## ACTION ITEM
Dropping every picture, set down exactly the lines in the entries below, starting with the line with "Unit-3 after renovation and modernization" and going on through the line with "Baseline photographs of".

## SUPPLIED INFORMATION
== Segment start ==
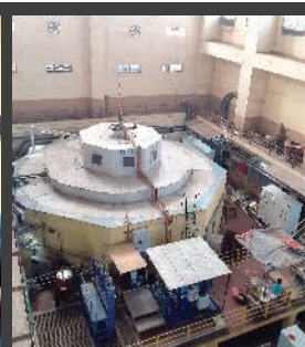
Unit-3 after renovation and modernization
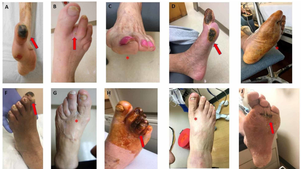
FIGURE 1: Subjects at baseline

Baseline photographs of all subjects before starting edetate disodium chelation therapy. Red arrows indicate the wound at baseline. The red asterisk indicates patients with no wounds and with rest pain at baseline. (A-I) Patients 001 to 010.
== Segment end ==
== Segment start ==
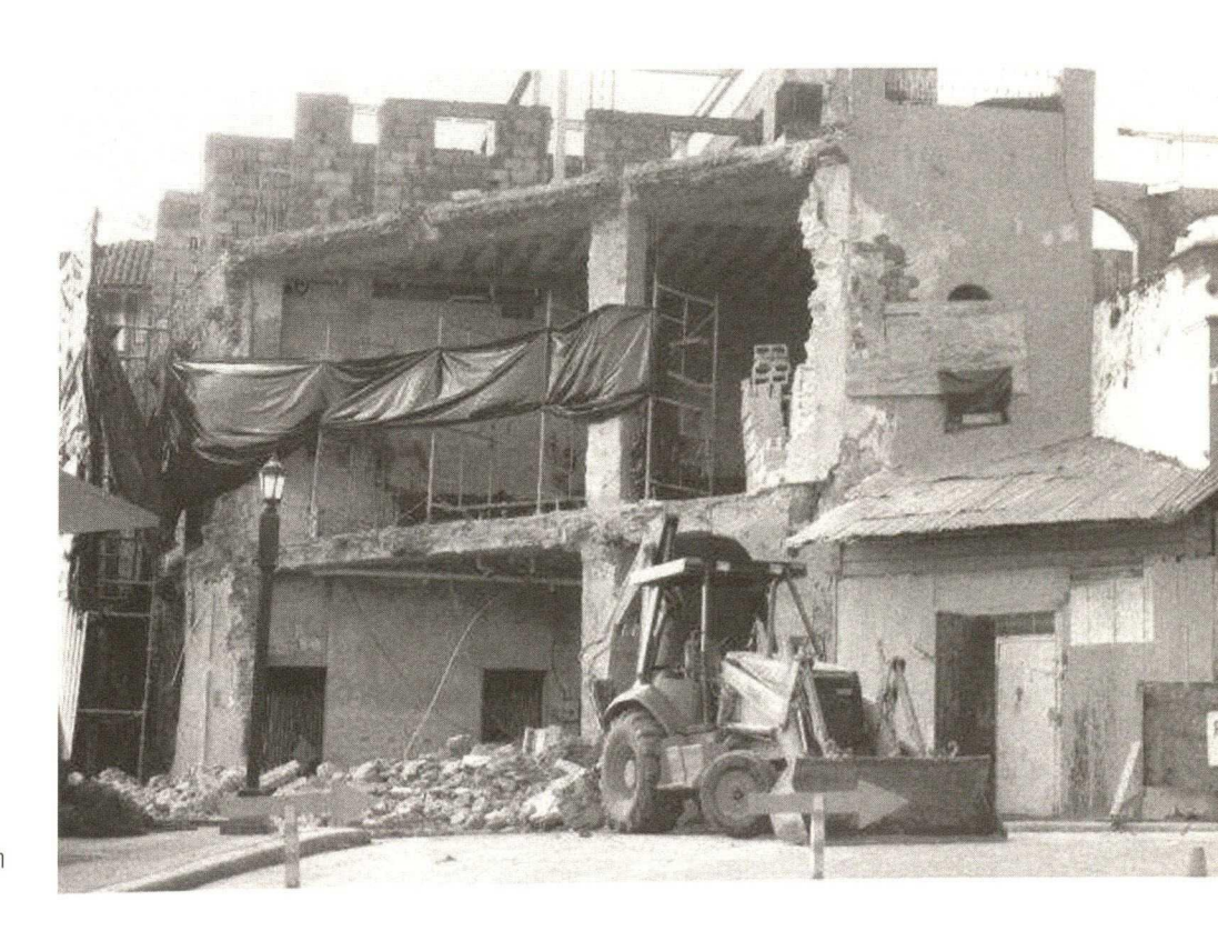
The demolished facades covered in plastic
== Segment end ==
== Segment start ==
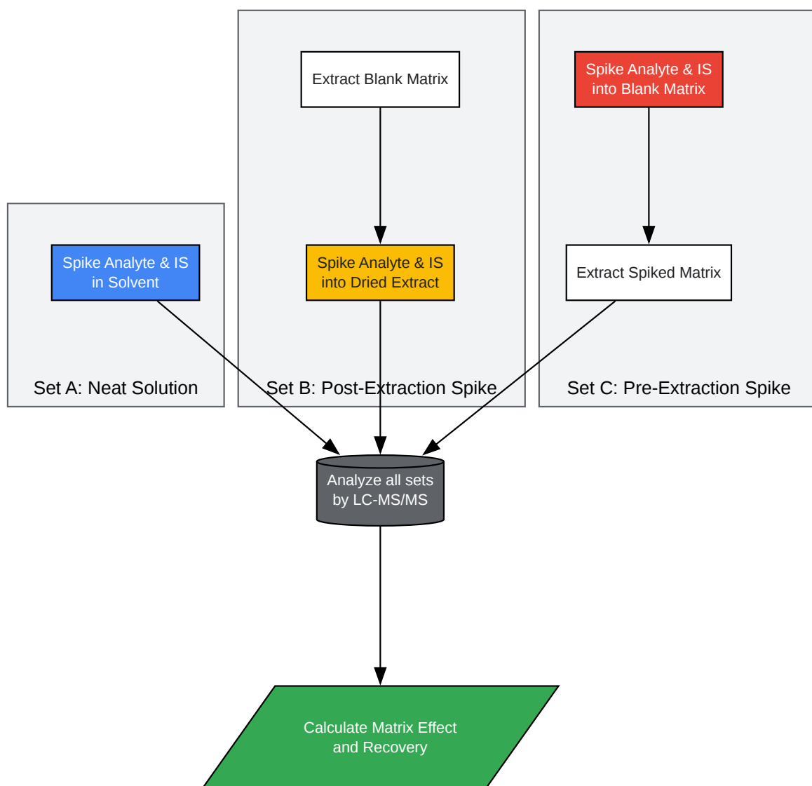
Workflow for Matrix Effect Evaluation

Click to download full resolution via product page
== Segment end ==
## EXPECTED ANSWER
Unit-3 after renovation and modernization
FIGURE 1: Subjects at baseline

Baseline photographs of all subjects before starting edetate disodium chelation therapy. Red arrows indicate the wound at baseline. The red asterisk indicates patients with no wounds and with rest pain at baseline. (A-I) Patients 001 to 010.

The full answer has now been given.